Fig. 1: Generalized RNA multivalency scoring identifies codon-biased multivalent regions that encode low-complexity domains. | Nature

Fig. 1: Generalized RNA multivalency scoring identifies codon-biased multivalent regions that encode low-complexity domains.

From: Collective homeostasis of condensation-prone proteins via their mRNAs

Fig. 1

a, Calculation of a GeRM score for an individual 5-mer. b, An example of two 5-mers with either high or low GeRM scores. c, An example transcript from the gene LUC7L3. The smoothed GeRM score is shown at the top (solid line), and the dashed line shows the average smoothed GeRM score after synonymous codon shuffling. The amino acid entropy of the encoded sequence is shown at the bottom (black and teal line), and the proportion of charged amino acids in that window is shown as the orange line. d, The native DNA and amino acid sequences of LUC7L3 within the GeRM peak and a synonymously codon-shuffled sequence. Conservation across 100 vertebrates (PhyloP) for each position that can tolerate synonymous mutation is shown by the height of the letter. Below, a ratio of GeRM scores for the native codon choice to average scores of any synonymous mutation is also shown. e, The mean entropy for amino acid sequences encoded inside high GeRM CDS regions (black line) outside but within the same protein (grey line). f, As in e, but comparing the AlphaFold-predicted pLDDT values inside (black line) and outside (grey line) protein regions encoded by high GeRM regions. g, The mean GeRM scores within CDS regions encoding LCDs (black lines) or the rest of the CDS (grey lines).
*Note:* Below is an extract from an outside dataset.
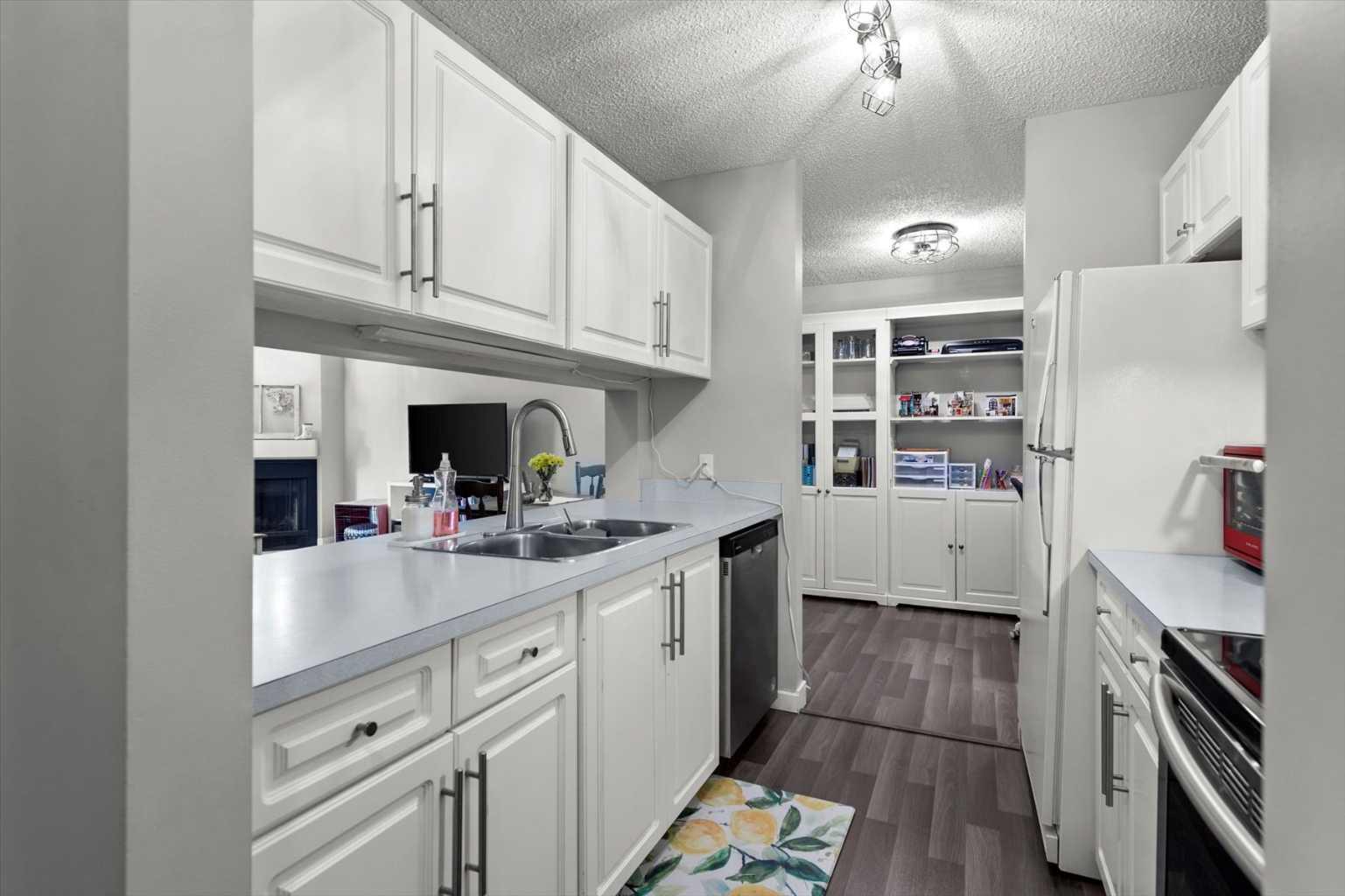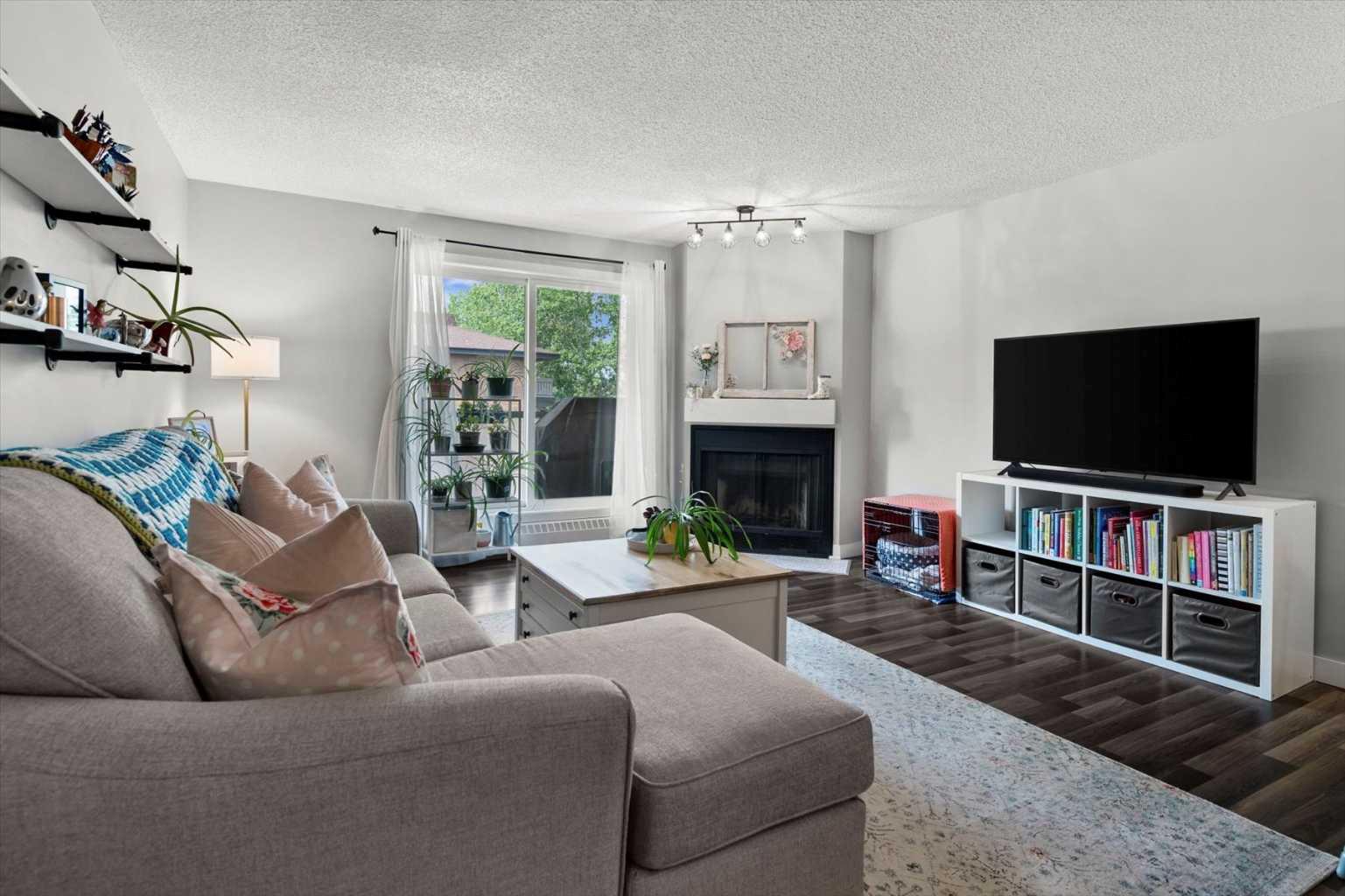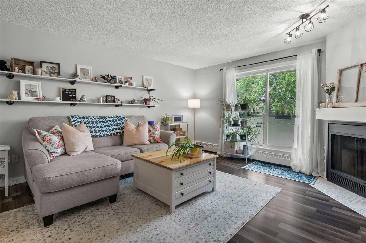 Welcome to this beautifully updated top-floor unit in the sought-after community of Patterson! Ideally perched at the top of Patterson Hill, this home offers unmatched convenience, just minutes to downtown, steps to transit, and with easy access to the mountains, Bow Trail, West Springs shopping, and nearby parks and walking paths. With updated flooring throughout, this move-in-ready condo is perfect for first-time buyers, as our client has enjoyed, or for investors seeking a reliable addition to their portfolio. As you enter, you're welcomed by an abundance of natural light from the southwest-facing exposure. To your right, the kitchen features timeless white cabinetry, updated appliances, and thoughtful finishes. A large pantry with wire shelving and additional storage, along with in-suite laundry, adds everyday functionality. Just beyond the kitchen, a versatile den serves perfectly as a home office or as an extension of the living space. The open-concept living room is centered around a cozy wood-burning fireplace, while sliding patio doors invite even more natural light and lead to your private balcony- deal for relaxing or summer BBQs. The primary bedroom is a true standout in the complex, offering exceptional size, ample closet space, and direct access to a well-appointed 4-piece bathroom. Its generous proportions and thoughtful layout make it a rare find. Whether you're strolling nearby walking paths, or commuting downtown, this location effortlessly combines urban access with peaceful surroundings.

The mean GeRM scores in those regions after synonymously reshuffling the codons across the transcriptome (dashed lines) are also shown. h, The normalized conservation across 100 vertebrates of synonymously mutable positions in coding sequences that either encode LCDs or do not. Codons are binned by the degree that the native codon choice supports sequence multivalency, in which codons with the highest ratio support the multivalency the most. Unless otherwise stated, all pairwise significance testing were performed using FDR-corrected Welch t-tests, where *P < 1−15. Precise P values can be found in the Source Data. The boxplots show the median (centre), upper and lower quartiles (hinges), and the nearest value within 1.5 times the interquartile range from the quartile (whiskers).